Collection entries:
┌──
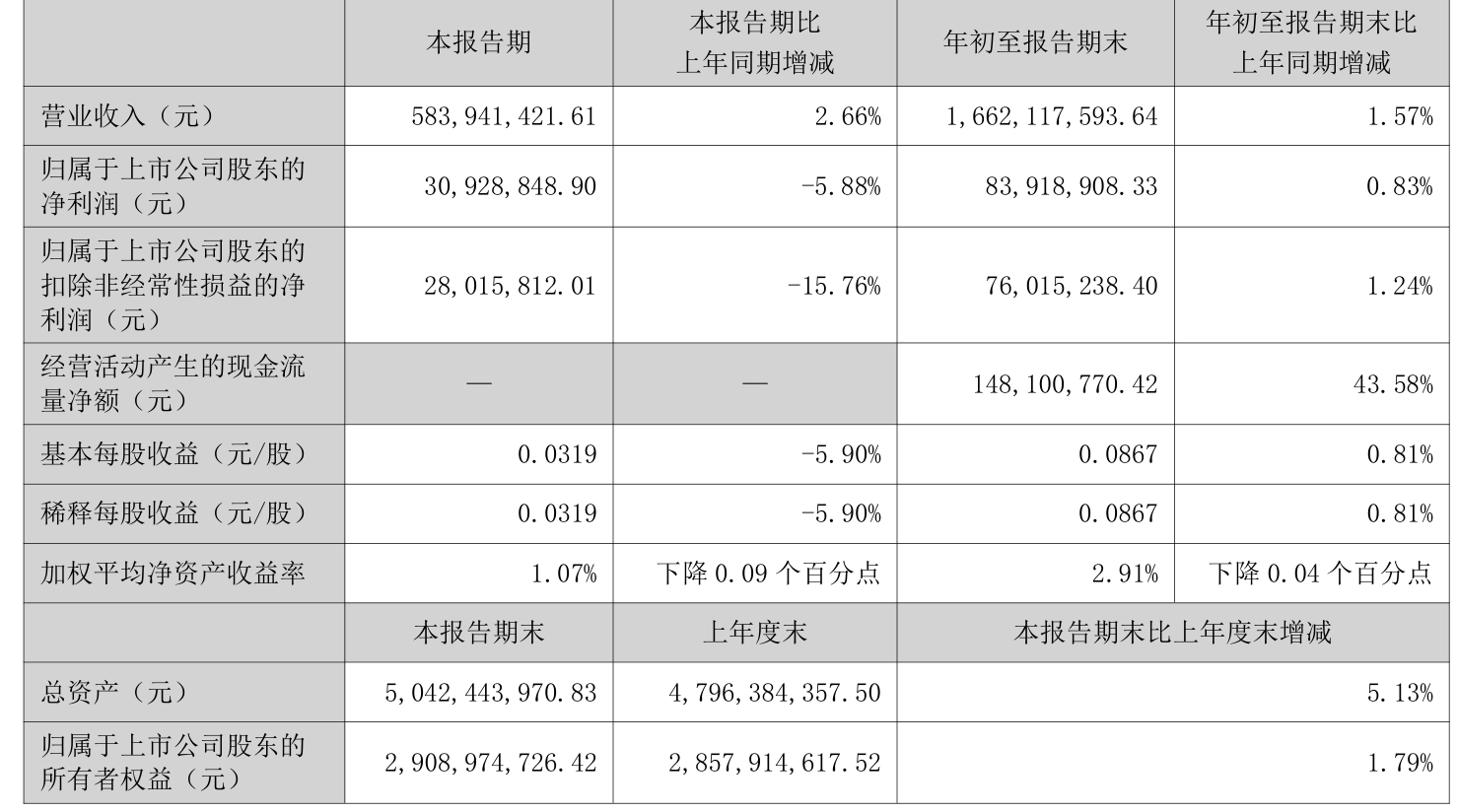 中证智能财讯佛塑科技(000973)10月30日披露2025年第三季度报告。前三季度公司实现营业总收入16.62亿元,同比增长1.57%;归母净利润8391.89万元,同比增长0.83%;扣非净利润7601.52万元,同比增长1.24%;经营活动产生的现金流量净额为1.48亿元,同比增长43.58%;报告期内,佛塑科技基本每股收益为0.0867元,加权平均净资产收益率为2.91%。
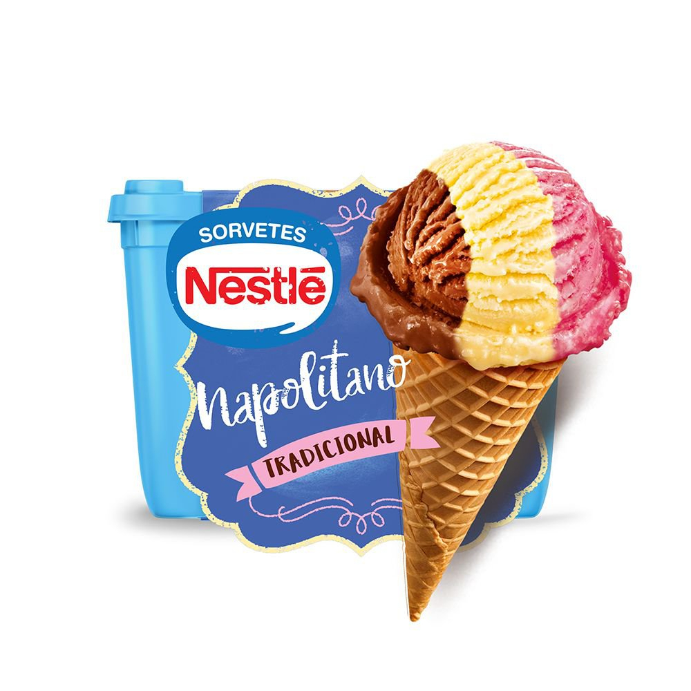 Sorvete Sabor Napolitano Com Flocos Tradicional Nestlé Pote 1,5l
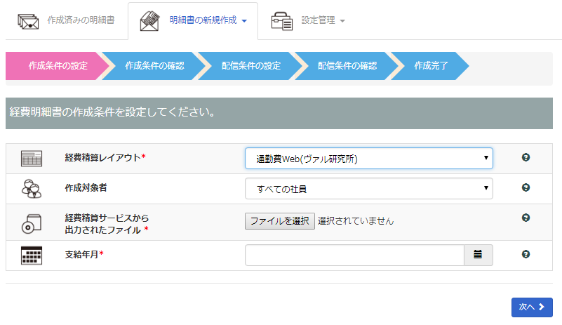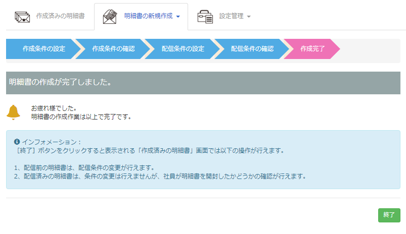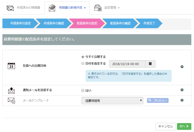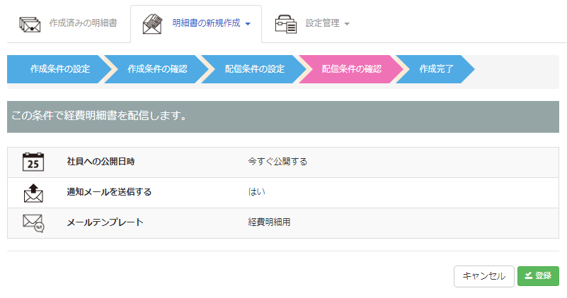 経費明細の配信設定を行った後に、すぐに経費明細を公開します。
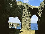 柱状岩の裂け目で海が十字に見える奇勝 |
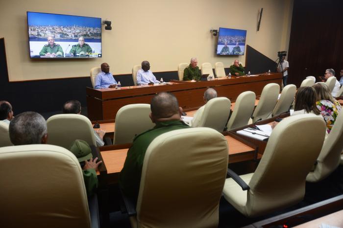 O chefe de Estado expressou a ideia neste tipo de reuniões que estão ocorrendo de forma permanente, para verificar como está indo a recuperação nos territórios mais afetados pelo evento meteorológico. Também estavam presentes Esteban Lazo Hernández, presidente da Assembleia Nacional do Poder Popular; o vice-presidente da República, Salvador Valdés Mesa; assim como o general-de-corpo-de-exército Álvaro López Miera, ministro das Forças Armadas Revolucionárias e Herói da República de Cuba; todos membros do Bureau Político.
└──
What is being asked:
Beginning at the line above that contains "経費明細の配信設定を行った後に、すぐに経費明細を公開します。", repeat each line exactly through the one that contains "柱状岩の裂け目で海が十字に見える奇勝 |", and leave out the pictures.

Result below:
 経費明細の配信設定を行った後に、すぐに経費明細を公開します。
 柱状岩の裂け目で海が十字に見える奇勝 |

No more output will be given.